The emergence of low-cost, small form factor and light-weight solid-state LiDAR sensors have brought new opportunities for autonomous unmanned aerial vehicles (UAVs) by advancing navigation safety and computation efficiency. Yet the successful developments of LiDAR-based UAVs must rely on extensive simulations. Existing simulators can hardly perform simulations of real-world environments due to the requirements of dense mesh maps that are difficult to obtain. In this paper, we develop a point-realistic simulator of real-world scenes for LiDAR-based UAVs.

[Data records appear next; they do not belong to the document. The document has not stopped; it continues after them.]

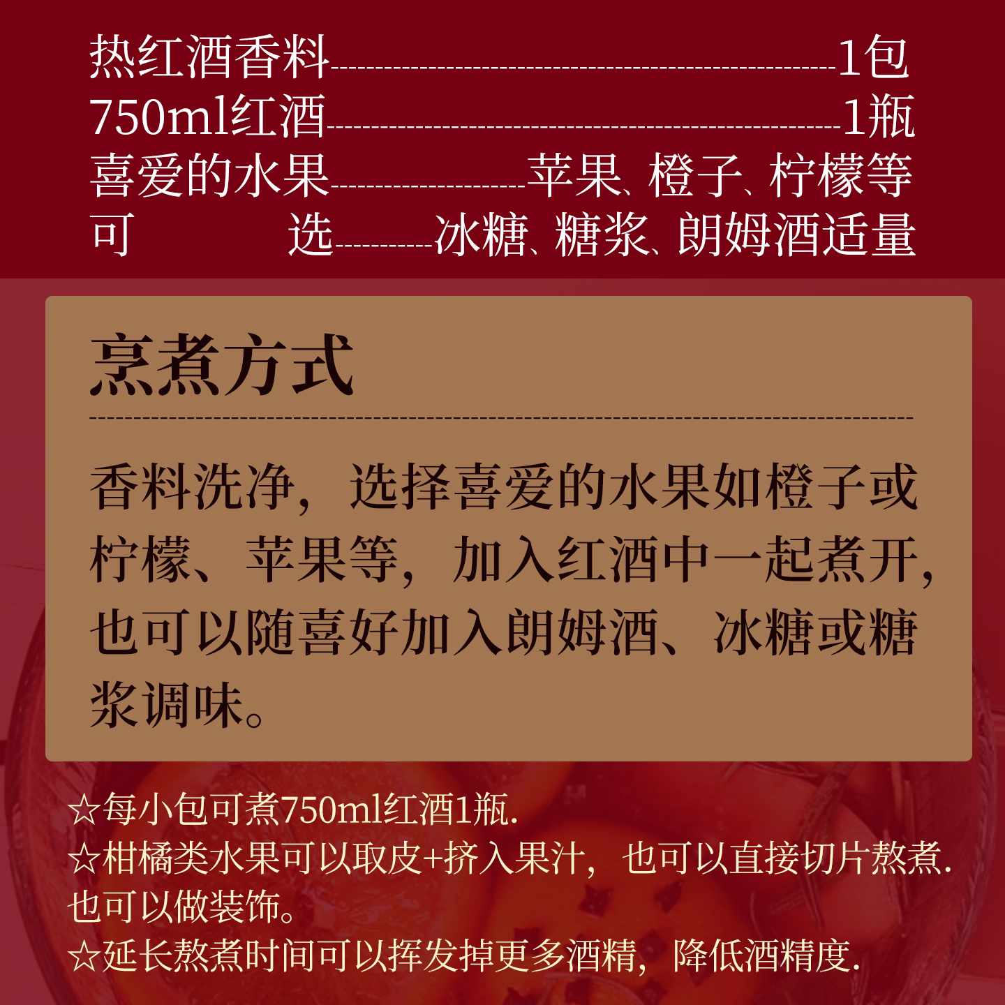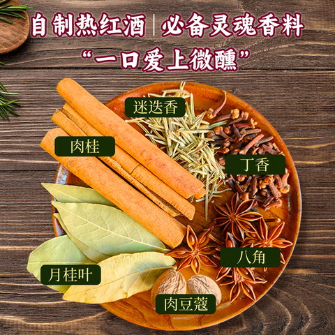 【原价16.8券后到手14.8】精选原料,完整保留自然香气-好材料成就好口感,激发红酒的深层风味;寒风里的约定,从一杯热红酒开始。每一口都带给你一场优雅细腻又奔放的味觉之旅;一包香料,就是热红酒的完整风味公式,让肉桂、八角与橙香,在您的锅中奏响冬日圆舞曲。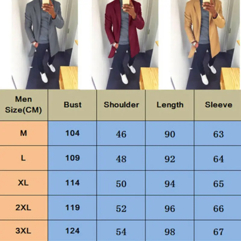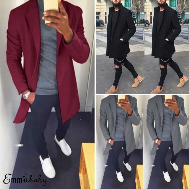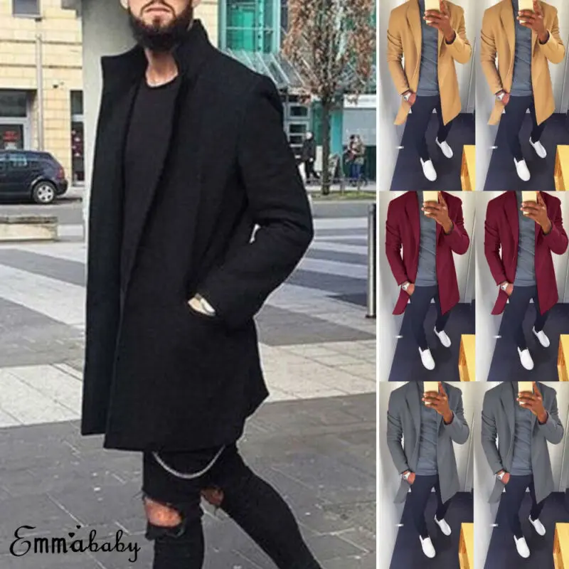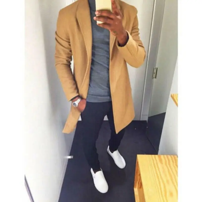 Мужской Повседневный шерстяной тренчкот, однотонная Классическая куртка средней длины, верхняя одежда для осени и зимы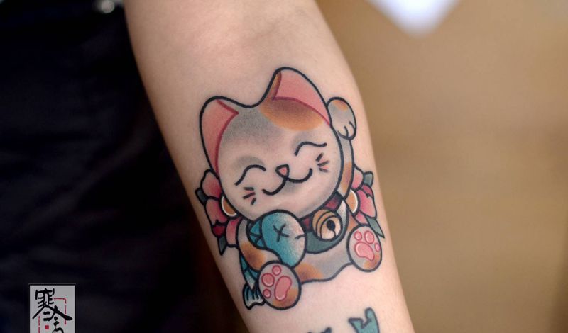 • T招财猫纹身图片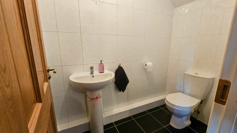 Downstairs Bathroom: 1.83m x 1.83m — 2-piece suite, tiled floor.

The key idea is the underlying point rendering method, where we construct a depth image directly from the point cloud map and interpolate it to obtain realistic LiDAR point measurements. Our developed simulator is able to run on a light-weight computing platform and supports the simulation of LiDARs with different resolution and scanning patterns, dynamic obstacles, and multi-UAV systems. Developed in the ROS framework, the simulator can easily communicate with other key modules of an autonomous robot, such as perception, state estimation, planning, and control. Finally, the simulator provides 10 high-resolution point cloud maps of various real-world environments, including forests of different densities, historic building, office, parking garage, and various complex indoor environments. These realistic maps provide diverse testing scenarios for an autonomous UAV. Evaluation results show that the developed simulator achieves superior performance in terms of time and memory consumption against Gazebo and that the simulated UAV flights highly match the actual one in real-world environments. We believe such a point-realistic and light-weight simulator is crucial to bridge the gap between UAV simulation and experiments and will significantly facilitate the research of LiDAR-based autonomous UAVs in the future.